I guess the best thing to do is to forward you the email adress of a Brit friend of mine, who lives here -in Corfu- and does exactly that. He charters his British flagged boat (actually his registration licence was the #1 

I do not find appropriate to publish his email address, therefore -if you are interested- pls email me and I''ll forward you his address.

Alex


----------



## yotti (Sep 25, 2003)

Sailmaster,
Thank you once again. Its so hard when you have a vision in your head and you know it can work, it is just getting round the legal side of things and doing all the gorund work.
Your charter sounds lovely and really exclusive. Well i will see how i get on and might even bump into you in some mediterrenean bar.
Regrards
Gavin


----------



## yotti (Sep 25, 2003)

Alex
Thank you for the help.
I have sent a message to you
Just in case you do not get it please let me know.
Regards
Gavin


----------



## avournas (Jun 18, 2003)

Gavin

I didn''t receive your message.
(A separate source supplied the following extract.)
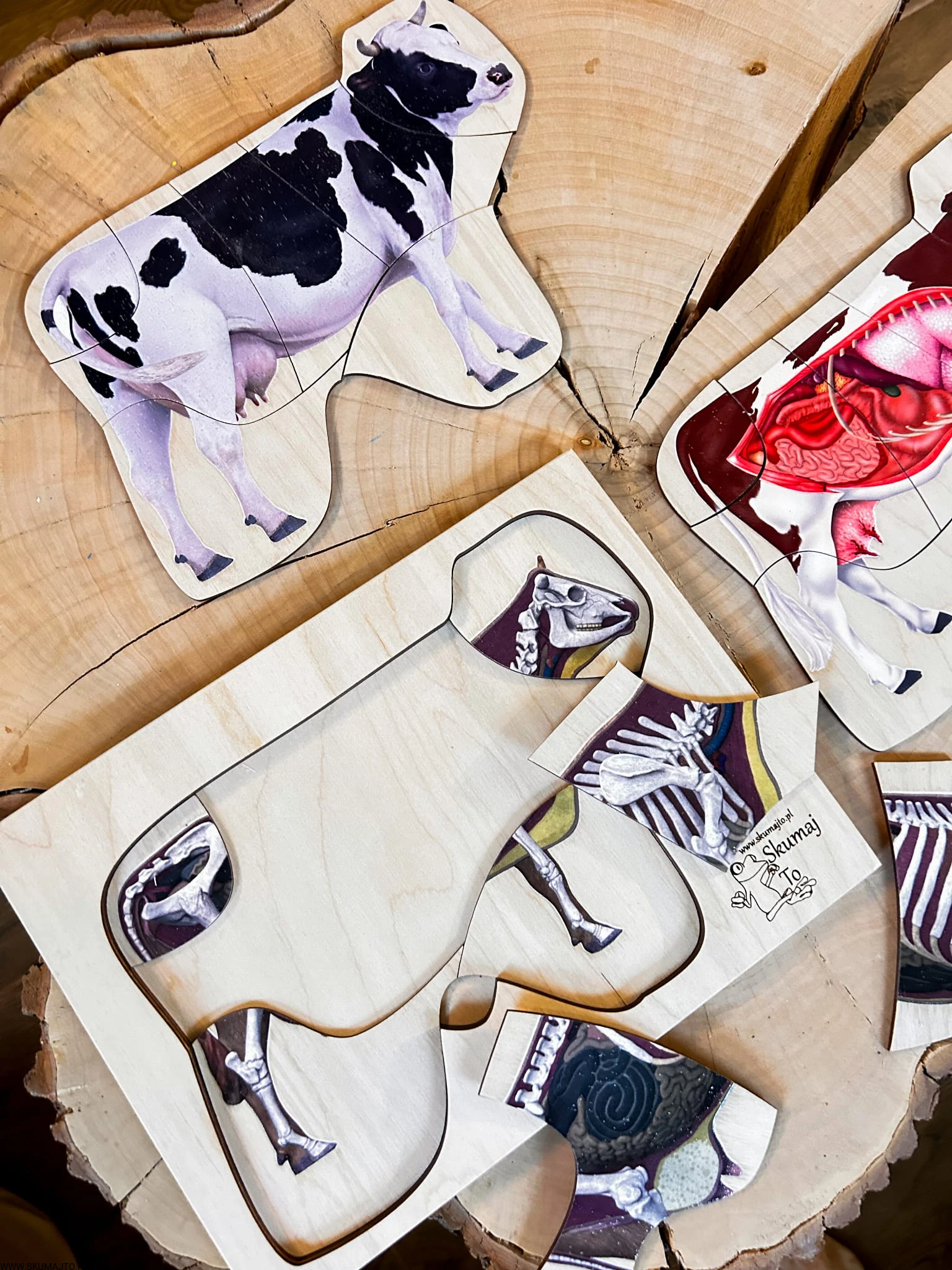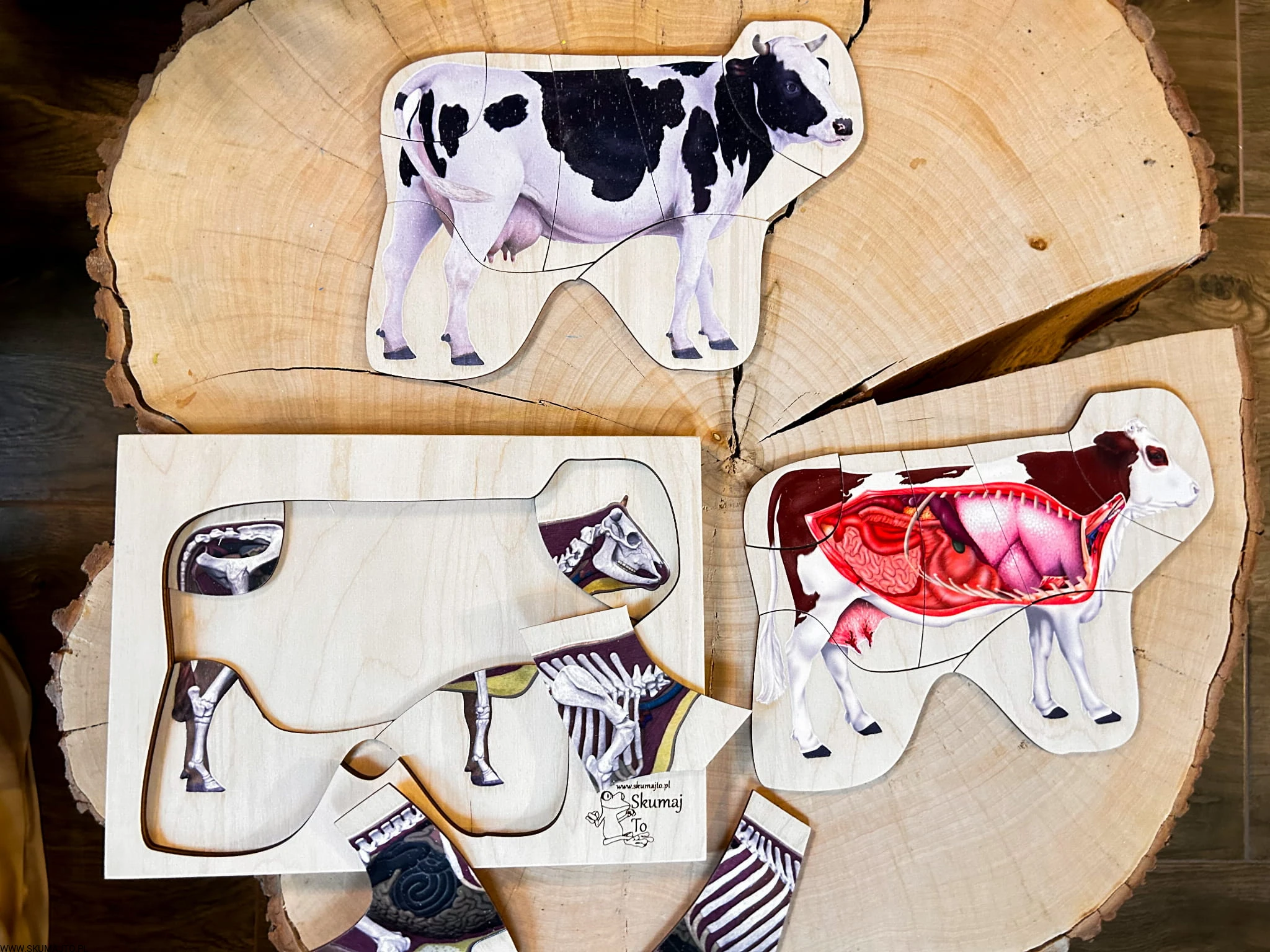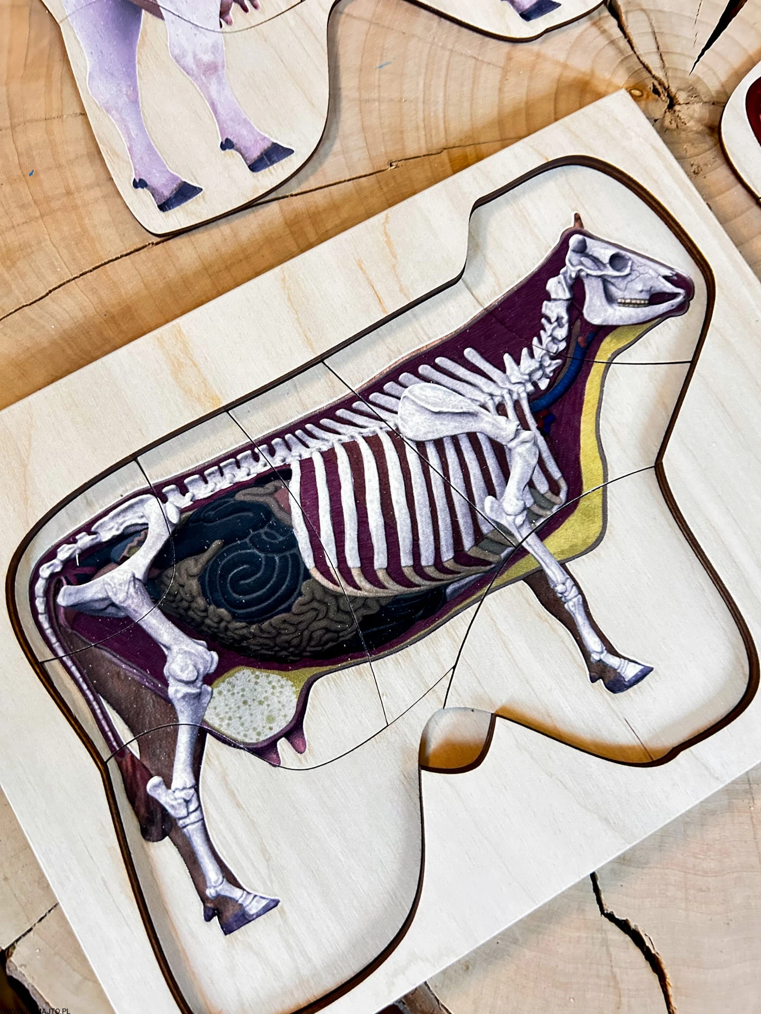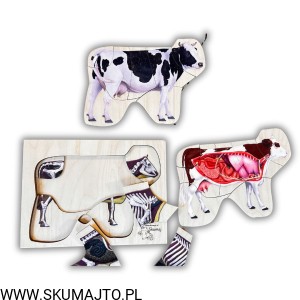 Budowa krowy, drewniana zabawka edukacyjna, montessori

Pls contact me through my site: www.almiyachts.com

Alexander


----------



## amangos (Jul 18, 2004)

A boat can be charter in Greece, under a EU flag, but...

you must have first a simular proffessional charter lissense in your country

you got to follow the Greek laws like Greeks do, pay the Greek social security (TEBE), get a Greek VAT number, and be inspected according the Greek laws, from Hellenic Register of Ships.

You dont need anymore a Greek partner (51%).


----------